Who would have stock for the replacement glass for the Kylin, i took a look at the usual Vape Shops online and no one seems to have spares.

Just need 1 of the large glass tanks, the 2.5/3ml glass last about 5min between refills xD


----------



## Mender31 (19/9/17)

Have you checked juicy joes?

Sent from my SM-J320FN using Tapatalk


----------



## Nabeel Jogee (21/6/18)

Juicy joes in cape town.

I also need a 6ml glass.. in Johannesburg


----------



## Faiyaz Cheulkar (21/6/18)

I have one with me. I broke the original glass so ordered a pair from china. By the time the replacement came I decided to sell of the Kylin, gave the buyer one replacement glass.
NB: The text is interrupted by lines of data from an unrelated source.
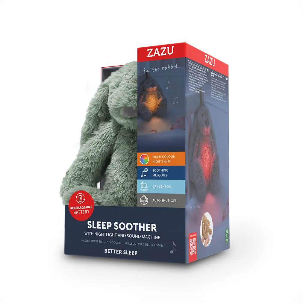 Το ZAZU RO είναι το λούτρινο λαγουδάκι που συνδυάζει ήχους χαλάρωσης, φωτάκι νυκτός και αισθητήρα κλάματος, δημιουργώντας ένα οικείο περιβάλλον για το μωρό από τη στιγμή που επιστρέφετε στο σπίτι. Με επαναφορτιζόμενη μπαταρία, προσφέρει ηρεμία και άνεση χωρίς συχνές αλλαγές μπαταριών.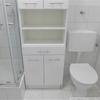 Laminatboden in Diele und Wohnraum, helle Fliesen im Duschbad,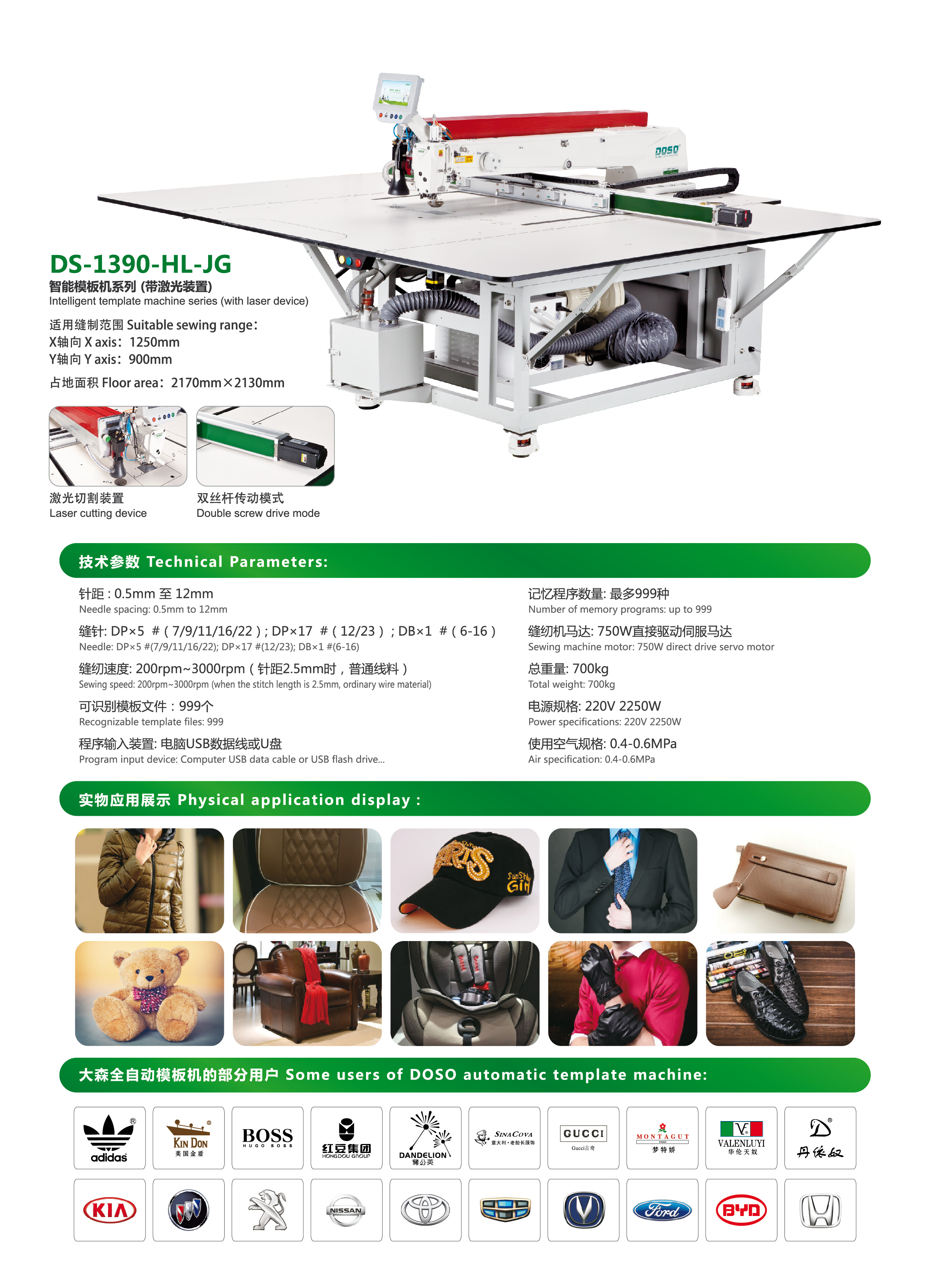 Suitable sewing range: X axis:1250mm Y axis:900mm Floor area:2170mm×2130mm

Still have the second. Pm me.


----------



## Jebula999 (22/6/18)

Faiyaz Cheulkar said:


> I have one with me. I broke the original glass so ordered a pair from china. By the time the replacement came I decided to sell of the Kylin, gave the buyer one replacement glass. Still have the second. Pm me.


Thanks man, but i also sold my Kylin a few months ago.

Appreciate the offer


----------



## Faiyaz Cheulkar (22/6/18)

Jebula999 said:


> Thanks man, but i also sold my Kylin a few months ago.
> 
> Appreciate the offer


 oh this is a really old post !


----------